Web Retrieval Agents for Evidence-Based Misinformation Detection

Jacob-Junqi Tian, Hao Yu, Yury Orlovskiy, Mauricio Rivera, Zachary Yang, Jean-François Godbout, Reihaneh Rabbany, and Kellin Pelrine

Jun 2024

Abs

This paper develops an agent-based automated fact-checking approach for detecting misinformation. We demonstrate that combining a powerful LLM agent, which does not have access to the internet for searches, with an online web search agent yields better results than when each tool is used independently. Our approach is robust across multiple models, outperforming alternatives and increasing the macro F1 of misinformation detection by as much as 20 percent compared to LLMs without search. We also conduct extensive analyses on the sources our system leverages and their biases, decisions in the construction of the system like the search tool and the knowledge base, the type of evidence needed and its impact on the results, and other parts of the overall process. By combining strong performance with in-depth understanding, we hope to provide building blocks for future search-enabled misinformation mitigation systems.
EMNLP 2023

SWEET - Weakly Supervised Person Name Extraction for Fighting Human Trafficking

Javin Liu*, Hao Yu*, Vidya Sujaya*, Pratheeksha Nair, Kellin Pelrine, and Reihaneh Rabbany

In Findings of the Association for Computational Linguistics: EMNLP 2023, Dec 2023

Abs DOI

In this work, we propose a weak supervision pipeline SWEET: Supervise Weakly for Entity Extraction to fight Trafficking for extracting person names from noisy escort advertisements.
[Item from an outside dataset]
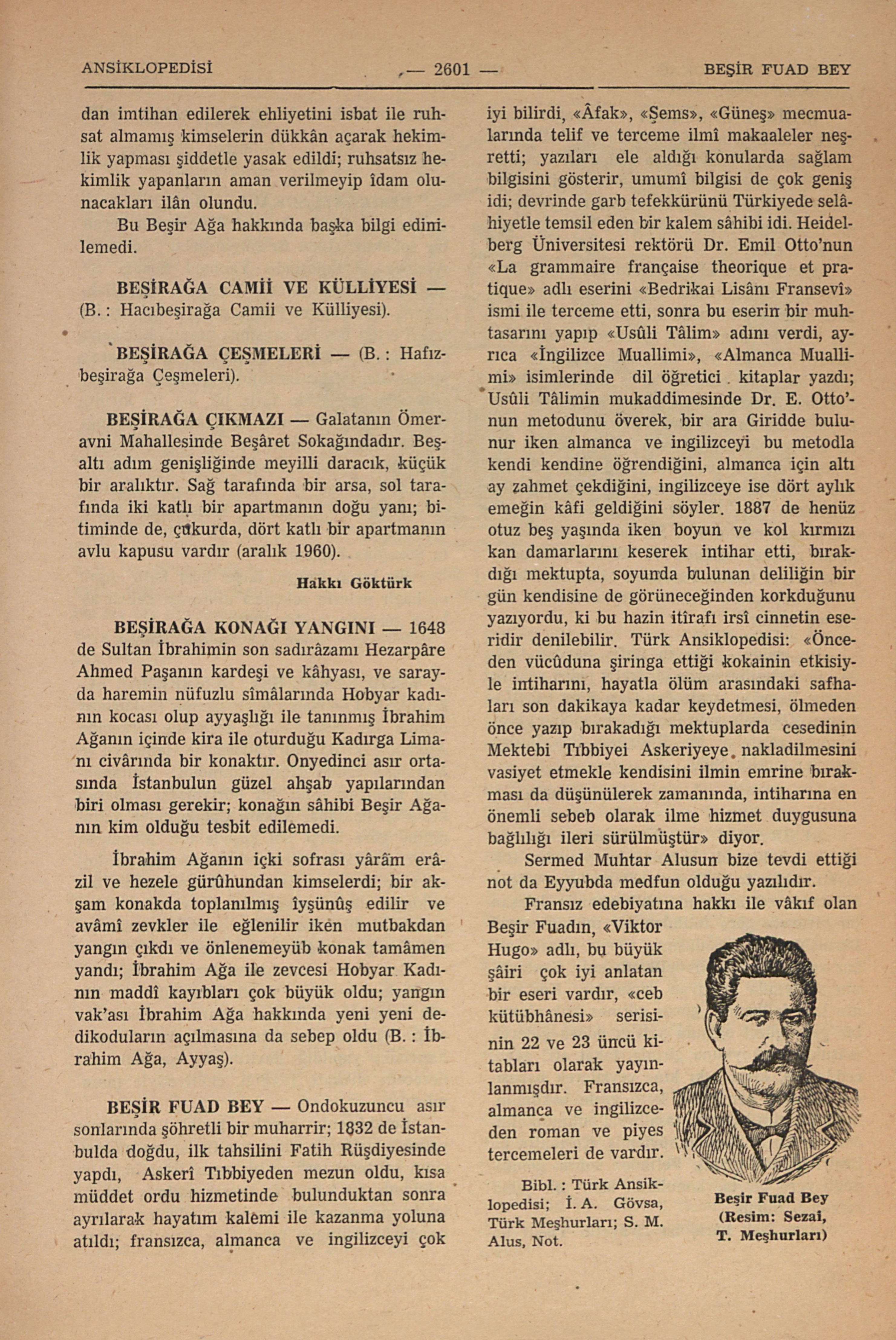 1648 de Sultan İbrahimin son sadırâzamı Hezarpâre Ahmed Paşanın kardeşi ve kâhyası, ve sarayda haremin nüfuzlu simâlarından Hobyar kadının kocası olup ayyaşlığı ile tanınmış İbrahim Ağanın içinde kira ile oturduğu Kadırga Limanı civârında bir konakdır. Onyedinci asır ortasında İstanbulun güzel ahşab yapılarından biri olması gerekir; konağın sâhibi Beşir Ağanın kim olduğu tesbit edilemedi.

Our method combines the simplicity of rule-matching (through antirules, i.e., negated rules) and the generalizability of large language models fine-tuned on benchmark, domain-specific and synthetic datasets, treating them as weak labels. One of the major challenges in this domain is limited labeled data. SWEET addresses this by obtaining multiple weak labels through labeling functions and effectively aggregating them. SWEET outperforms the previous supervised SOTA method for this task by 9% F1 score on domain data and better generalizes to common benchmark datasets. Furthermore, we also release HTGEN, a synthetically generated dataset of escort advertisements (built using ChatGPT) to facilitate further research within the community.